PROBLEM TO WORK ON -
Nothing outside the lines below from the one containing "ca. +55 °C." through the one containing "今日の5・6時間目、1年生津" is to be printed; print those exactly, ends included, and drop the pictures.

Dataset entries
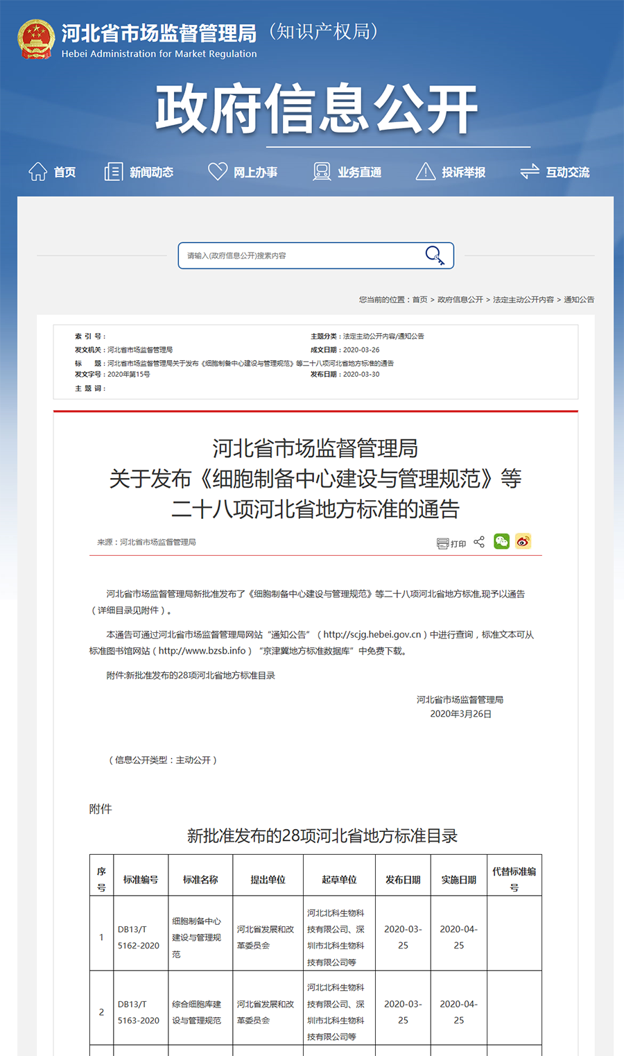 3月25日,河北省市場監(jiān)督管理局發(fā)布通知,《細胞制備中心建設與管理規(guī)范》(編號:DB13/T5162-2020)、《綜合細胞庫建設與管理規(guī)范》(編號:DB13/T5163-2020)正式批準發(fā)布,將于4月25日正式實施。兩項標準是河北省標準化體系建設的重要組成部分之一,由河北省市場監(jiān)督管理局組織,河北省發(fā)展和改革委員會提出,河北北科生物科技有限公司,深圳市北科生物科技有限公司、個體化細胞治療技術國家地方聯(lián)合工程實驗室(深圳)共同編制完成。
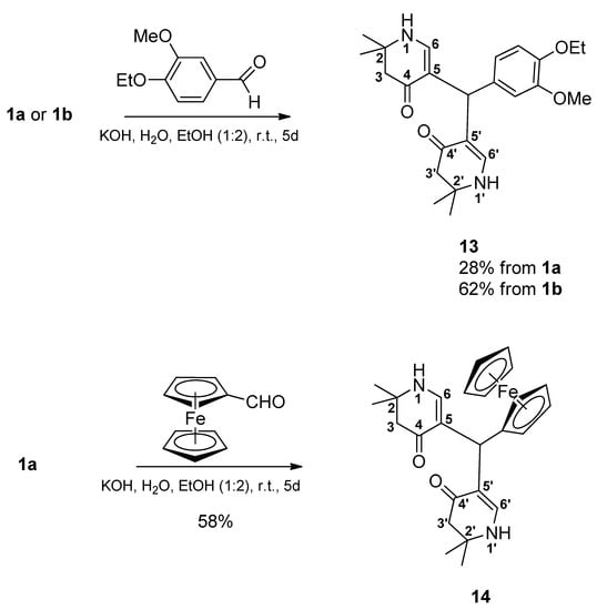 Due to the low solubility in water of solid ferrocenyl carbaldehyde and 4-ethoxy-3-methoxybenzaldehyde, ethanol was added to the reaction mixture. Other than the so far reported reactions, these electron-sufficient aldehydes resulted in dimers 13 and 14 (Scheme 3).
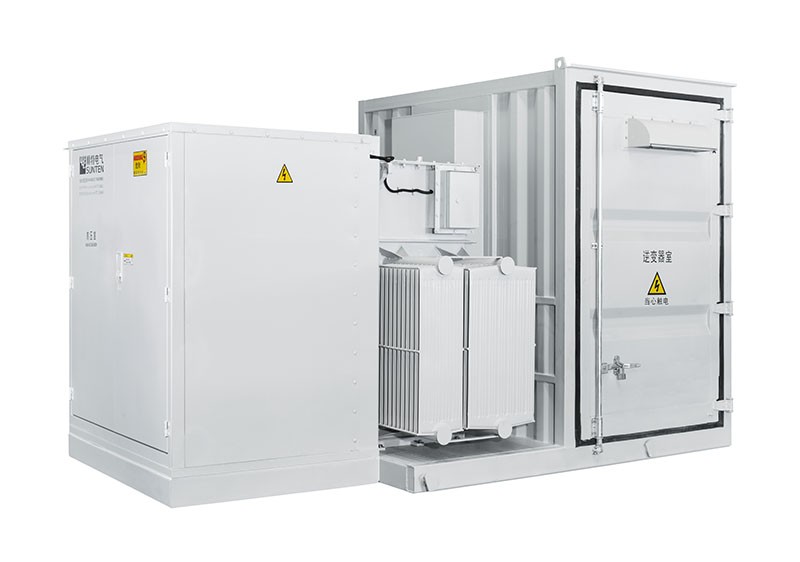 产品特点:将逆变器柜与箱变整合在一起,布局合理、空间利用率高;逆变器柜与低压柜之间在箱变内部完成电气连接,减少了现场安装连接工作量,现场仅需连接高压电缆及逆变器进线电缆即可;通过工程计算,配置散热通风窗,有效满足产品安全运行要求,环境适应性强;内设烟雾、超温、油位、电流等保护方式,全面实时了解集成箱变运行状态;与传统的箱变、土建逆变器房单独购买和安装相比,集成箱变具有体积小、安装简易、运输方便、性价比高的优点。
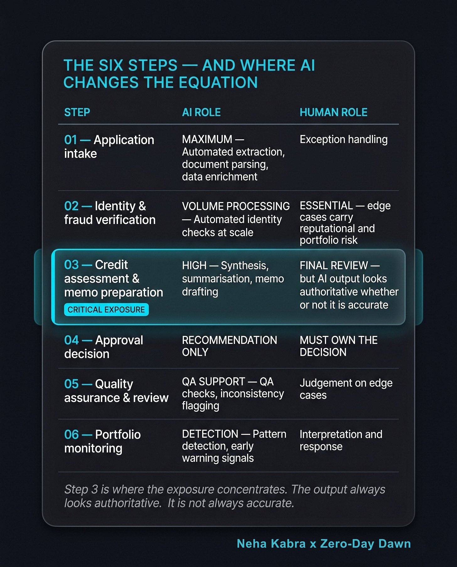 The human approver at Step 4 relies on that memo to make a final decision. If something is wrong and it looks right, the override function exists on paper but not in practice. The glossiness of AI output is not a feature in a credit context. It is a risk that has to be designed around before deployment — not discovered at enforcement.
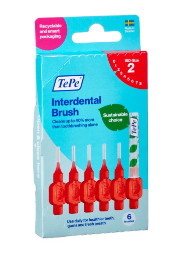 A fogszuvasodás és az ínygyulladás egyik fontos megelőző lépése a fogközök rendszeres tisztítása. A TePe Original fogköztisztító kefék hatékonyan elérnek olyan szűk résekbe is, ahová a hagyományos fogkefék nem férnek be. Mindennapos használatukkal segítenek Önnek a hagyományos fogkefével végzett tisztításhoz képest akár 40%-kal több lepedéket eltávolítani.
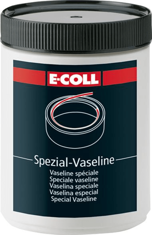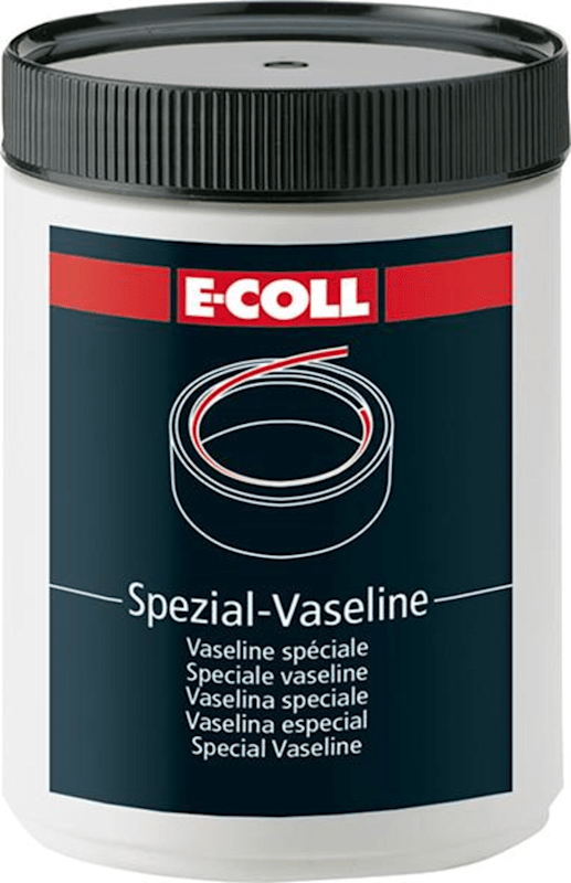 E-COLL Spezial-Vaseline, weißHochraffinierte, pharmazeutische, langziehende Vaseline. Zum Schmieren, Konservieren, Abdichten, Isolieren, Lederpflegen. Säurefrei, giftfrei (DAB). Tropfpunkt: ca. +55 °C.
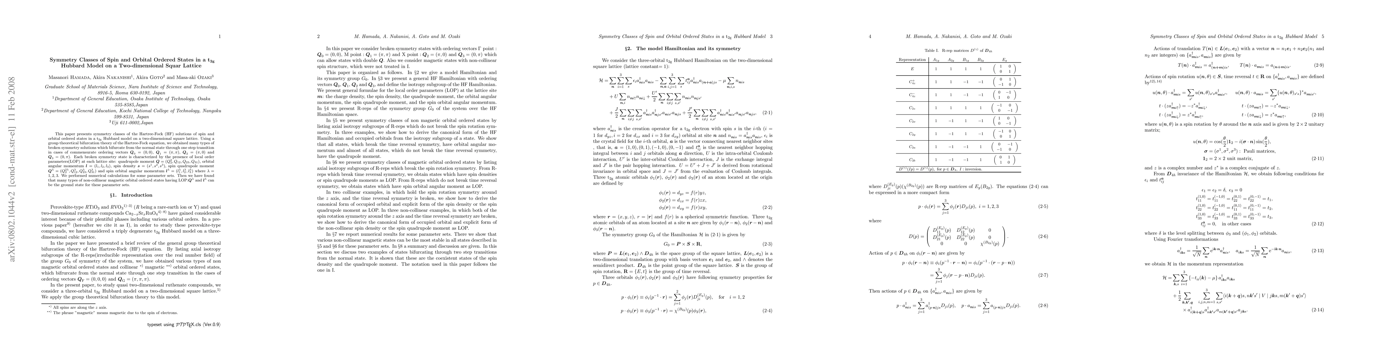 This paper explores the symmetry classes of spin and orbital ordered states in a t_{2g} Hubbard model on a two-dimensional square lattice, identifying various broken symmetry solutions via group theoretical bifurcation theory. Numerical calculations reveal that non-collinear magnetic orbital ordered states can be the ground state for certain parameter sets.
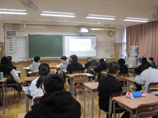 今日の5・6時間目、1年生津山郷土学の学年発表会が行われました。先日3日(水)のクラス発表会を受けて、各クラスから選出された代表の班が、今度は1年生全体に向けて発表を行いました。最近の冷え込みと、1年4組がインフルエンザによる学級閉鎖中ということもあり、体育館などに一同に集まる形式を避け、リモート形式で発表会を行いました。どのクラスも真剣に、他の班の発表を聴けていましたね。お疲れ様でした。
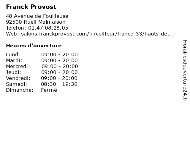 1 Franck Provost (Distance: 1,68 km) 20 Rue du Chateau, 92500 Rueil Malmaison expertise beauté, franck, la marque, provost, tendance coiffure, événement 2 Franck Provost (Distance: 2,12 km) 173 Grande Rue, 92380 Garches beauté, cheveux, coiffure, franck, provost, salon, service 3 Franck Provost (Distance: 3,20 km) 14 Rue Maurice Thorez, 92000 Nanterre beauté, cheveux, coiffure, franck, provost, salon, service 4 Franck Provost (Distance: 3,83 km) 18 Rue de Saint Cloud, 92410 Ville D'Avray beauté, cheveux, coiffure, franck, provost, salon, service 5 Franck Provost (Distance: 4,47 km) 15 Parvis de la Défense, 92092 Paris La Défense chaussures, franck, lingerie, mode enfant, mode femmes, mode hemmes, provost, sport 6 Franck Provost (Distance: 5,49 km) 17 PLACE DU MARÉCHAL JUIN,, 78800 MAISON LAFITTE expertise beauté, franck, la marque, provost, tendance coiffure, événement |
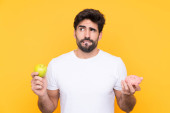 Zdjęcie "młody biały człowiek z jabłkiem odizolowane na czerwonym tle mając wątpliwości i mylić wyraz twarzy" może być wykorzystywane do celów osobistych i komercyjnych zgodnie z warunkami zakupionej licencji Royalty-free. Obraz jest dostępny do pobrania w jakości wysokiej rozdzielczości do 5760x3840.

RESULT FOR THIS TASK -
 E-COLL Spezial-Vaseline, weißHochraffinierte, pharmazeutische, langziehende Vaseline. Zum Schmieren, Konservieren, Abdichten, Isolieren, Lederpflegen. Säurefrei, giftfrei (DAB). Tropfpunkt: ca. +55 °C.
 This paper explores the symmetry classes of spin and orbital ordered states in a t_{2g} Hubbard model on a two-dimensional square lattice, identifying various broken symmetry solutions via group theoretical bifurcation theory. Numerical calculations reveal that non-collinear magnetic orbital ordered states can be the ground state for certain parameter sets.
 今日の5・6時間目、1年生津山郷土学の学年発表会が行われました。先日3日(水)のクラス発表会を受けて、各クラスから選出された代表の班が、今度は1年生全体に向けて発表を行いました。最近の冷え込みと、1年4組がインフルエンザによる学級閉鎖中ということもあり、体育館などに一同に集まる形式を避け、リモート形式で発表会を行いました。どのクラスも真剣に、他の班の発表を聴けていましたね。お疲れ様でした。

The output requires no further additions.